The critical next milestone is the **REST and GraphQL query surface plus reorg handling**. Ingestion without a query surface is a tree falling in the forest, and ingestion without reorg safety isn’t production-ready against mainnet. These two ship together because reorg events need somewhere to be published for the query layer to invalidate caches.

After that, in order:

- API-key auth (Argon2) + Redis-backed per-key rate limiting, separate buckets for REST and GraphQL

- Webhook delivery with HMAC signatures and exponential-backoff retries

- Range partitioning on the `cells` table by block number

- OpenTelemetry tracing + Prometheus metrics + Grafana dashboards

- Dashboard for API-key management, usage charts, and a query explorer

- GraphQL subscriptions over WebSocket for live cell updates

## Where I’d value input

The questions where I most want community input, design-leaning first, then product-leaning:

1. **Cell model fidelity.** Is storing script components raw + precomputed hash enough, or are there query patterns (partial `args` matching, script-class tagging) that should be first-class in the schema?

2. **Reorg depth in practice.** What rollback window should I size for on mainnet?
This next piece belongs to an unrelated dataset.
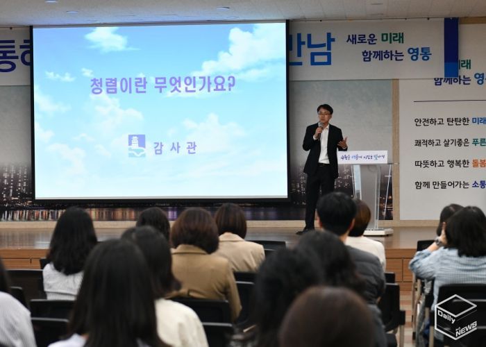 e데일리뉴스 | 수원시 영통구는 지난 14일 구청 대회의실에서 공직자들의 청렴 의식을 높이고 행정 신뢰성을 향상시키기 위하여 ‘2025 하반기 영통구 공직자 청렴교육’을 개최했다.

Anecdotes of observed depths, even rough ones, would help.

3. **Polling vs subscriptions.** Are there stability or compatibility concerns with the CKB subscription endpoints the community has hit?

4. **Well-known script registry.** Tagging common scripts (Sighash, MultiSig, Omnilock, xUDT, Spore, RGB++, Nostr binding) is out of scope for the base schema. Is there a canonical ecosystem registry, or is everyone maintaining their own?

5. **Product fit.** For anyone shipping a CKB app today: how are you accessing chain data (own node, built-in indexer, Mercury, public RPC, third-party), and what breaks most often? Which query patterns and which interface (REST, GraphQL, typed SDK, subscriptions) do you reach for first?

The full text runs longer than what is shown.